Omit the images and return the remaining entries unchanged.

==== SUPPLIED DATA

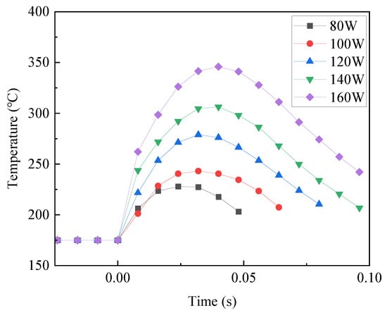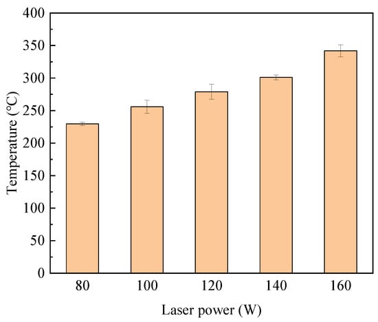 Figure 7 presents thermal profiles during the experiments. The temperature changes over time for each laser condition are shown in Figure 8. It can be observed that as the laser power increases, the maximal temperature of the substrate also increases. Additionally, Figure 9 shows a bar graph of the maximal temperature for each laser condition. It can be observed that the temperature reached 229 °C for a laser power of 80 W and 341 °C for a laser power of 160 W. These findings can be explained using the equation for the input energy per unit area, E (J/mm2), as follows:
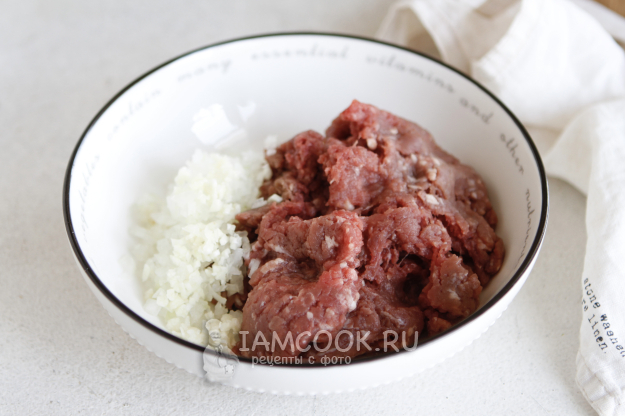 Почистите лук, мелко его нашинкуйте и добавьте к фаршу.
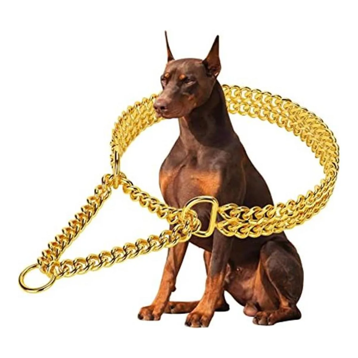 Cadena perfecta para collar de perro: la función de ajuste natural al tirar hace que este collar de perro de cadena de oro sea genial y funcional. Evita golpes violentos, es perfecto para actividades al aire libre de perros pequeños, medianos o grandes como caminar, correr o entrenar Recomendado para perros de 10 a 80 libras.
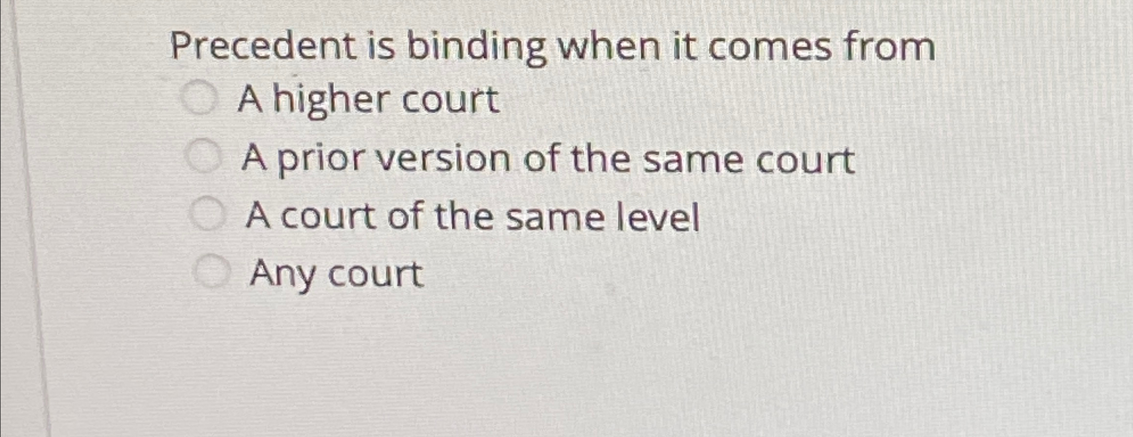 Solved 16 A court is obligated to follow the precedents of Chegg com
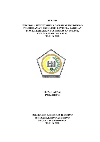Harnas, Eliza (2020) Hubungan Pengetahuan dan Sikap Ibu dengan Pemberian Asi Eksklusif Bayi 0-6 Bulan di Wilayah Kerja Puskesmas Kayulaut, Kab. Mandailing Natal Tahun 2020. Diploma thesis, Poltekkes Kemenkes Medan.
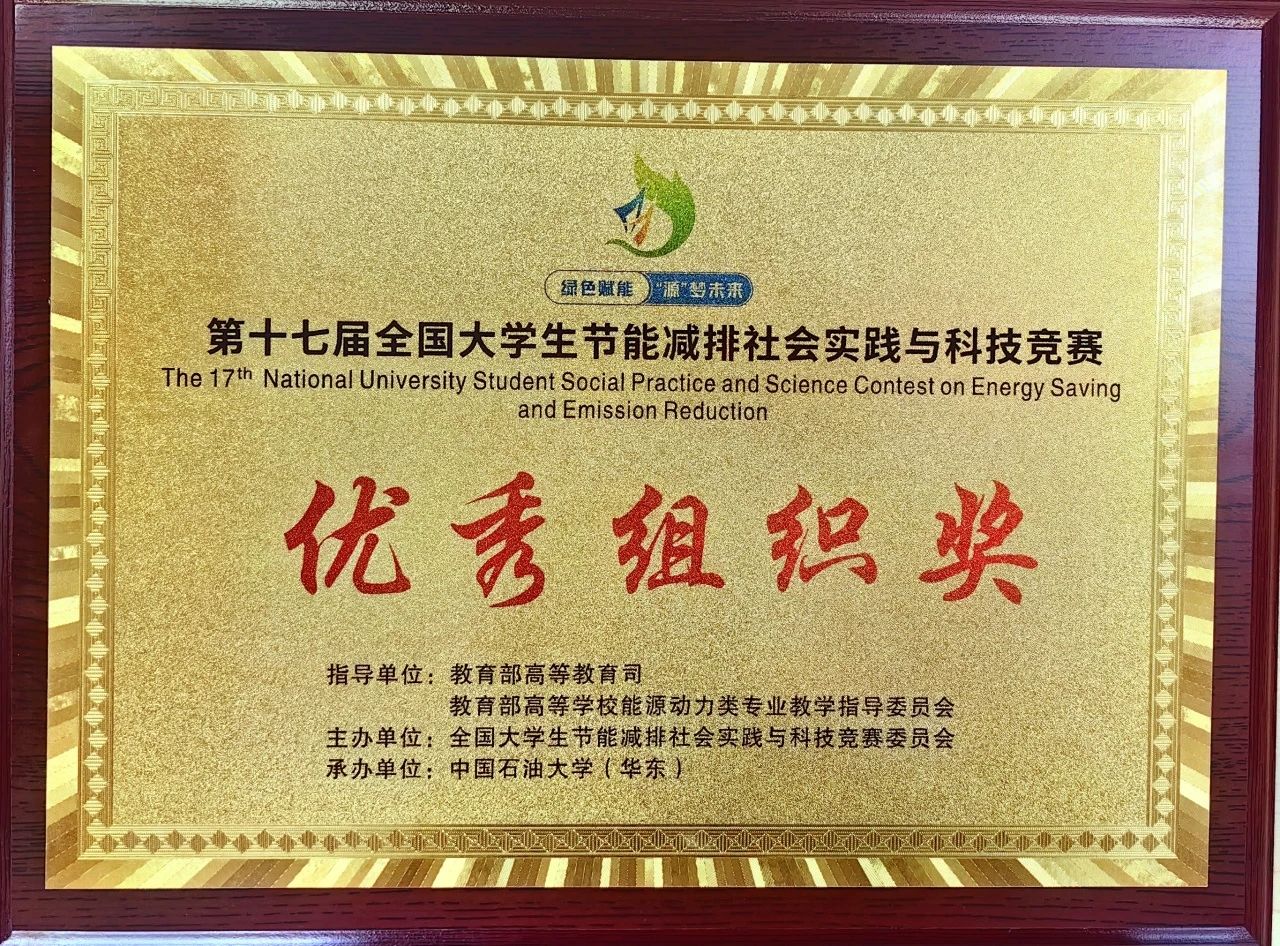 8月4日至7日,由教育部高等教育司、教育部高等学校能源动力类专业教学指导委员会指导,全国大学生节能减排社会实践与科技竞赛委员会主办的第十七届全国大学生节能减排社会实践与科技竞赛决赛在中国石油大学(华东)举行。我院学子在本次竞赛中斩获一、二、三等奖各1项,学校荣获全国“优秀组织奖”。
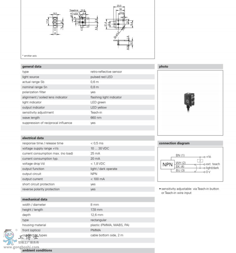 Baumer堡盟鏡反射式光電傳感器FPDK 07P6901開增值票開關傳感器
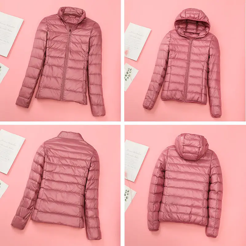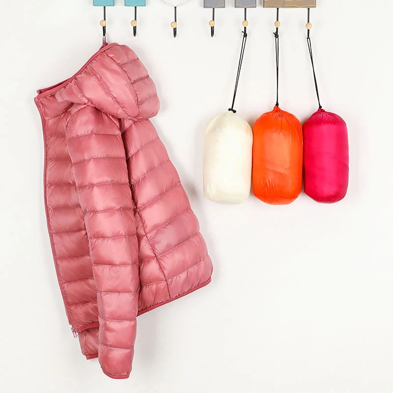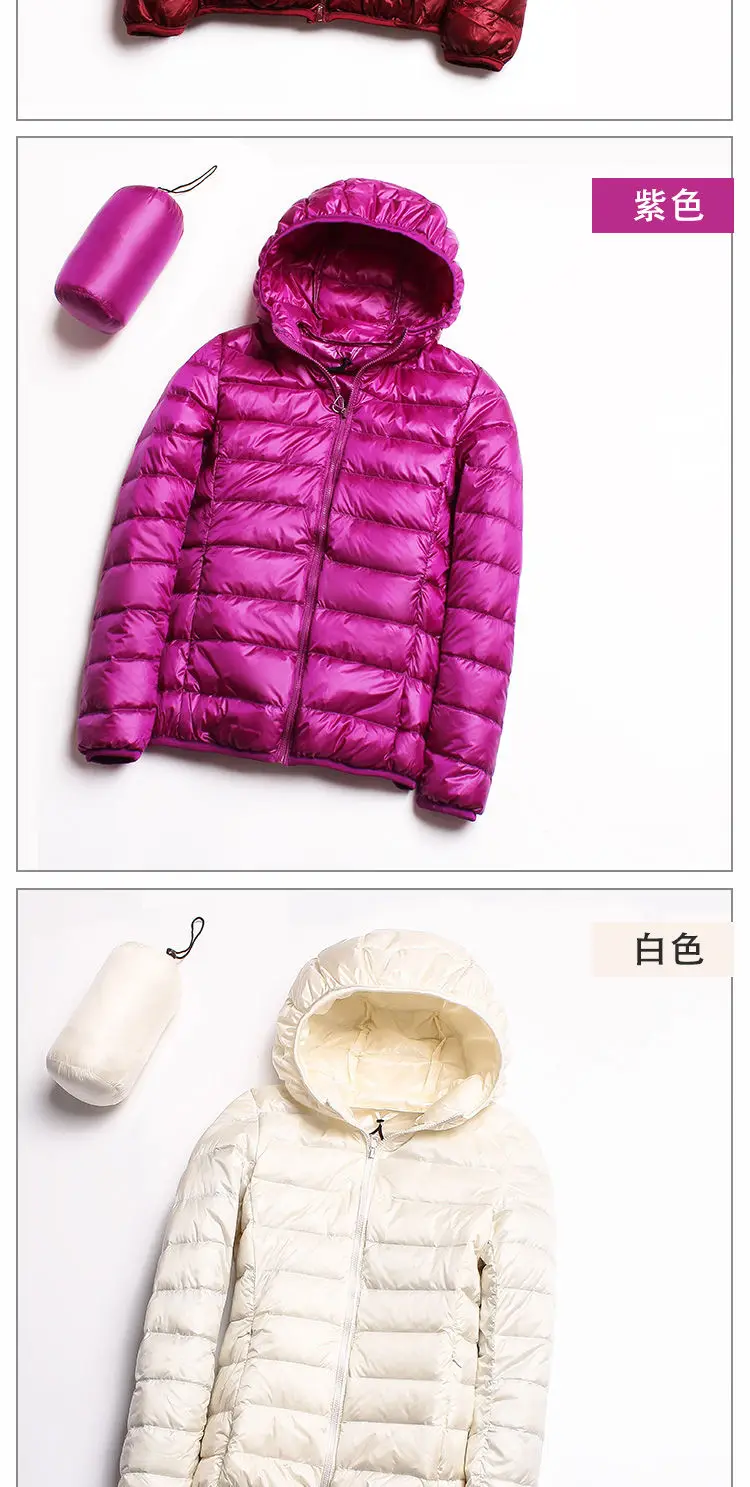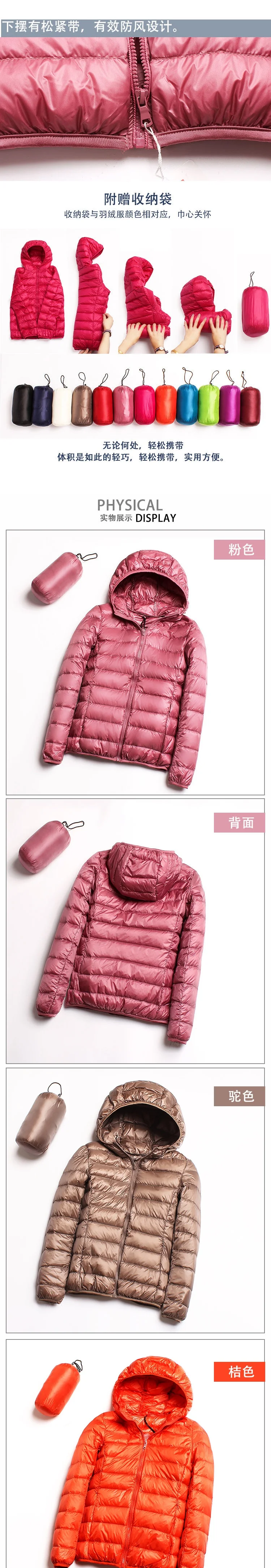 Пуховик женский с капюшоном, ультратонкий ульсветильник пуховик на 90% утином пуху, зимняя однотонная теплая куртка больших размеров для женщин

========

RESULT OF THE EXERCISE:
 Figure 7 presents thermal profiles during the experiments. The temperature changes over time for each laser condition are shown in Figure 8. It can be observed that as the laser power increases, the maximal temperature of the substrate also increases. Additionally, Figure 9 shows a bar graph of the maximal temperature for each laser condition. It can be observed that the temperature reached 229 °C for a laser power of 80 W and 341 °C for a laser power of 160 W. These findings can be explained using the equation for the input energy per unit area, E (J/mm2), as follows:
 Почистите лук, мелко его нашинкуйте и добавьте к фаршу.
 Cadena perfecta para collar de perro: la función de ajuste natural al tirar hace que este collar de perro de cadena de oro sea genial y funcional. Evita golpes violentos, es perfecto para actividades al aire libre de perros pequeños, medianos o grandes como caminar, correr o entrenar Recomendado para perros de 10 a 80 libras.
 Solved 16 A court is obligated to follow the precedents of Chegg com
Harnas, Eliza (2020) Hubungan Pengetahuan dan Sikap Ibu dengan Pemberian Asi Eksklusif Bayi 0-6 Bulan di Wilayah Kerja Puskesmas Kayulaut, Kab. Mandailing Natal Tahun 2020. Diploma thesis, Poltekkes Kemenkes Medan.
 8月4日至7日,由教育部高等教育司、教育部高等学校能源动力类专业教学指导委员会指导,全国大学生节能减排社会实践与科技竞赛委员会主办的第十七届全国大学生节能减排社会实践与科技竞赛决赛在中国石油大学(华东)举行。我院学子在本次竞赛中斩获一、二、三等奖各1项,学校荣获全国“优秀组织奖”。
 Baumer堡盟鏡反射式光電傳感器FPDK 07P6901開增值票開關傳感器
 Пуховик женский с капюшоном, ультратонкий ульсветильник пуховик на 90% утином пуху, зимняя однотонная теплая куртка больших размеров для женщин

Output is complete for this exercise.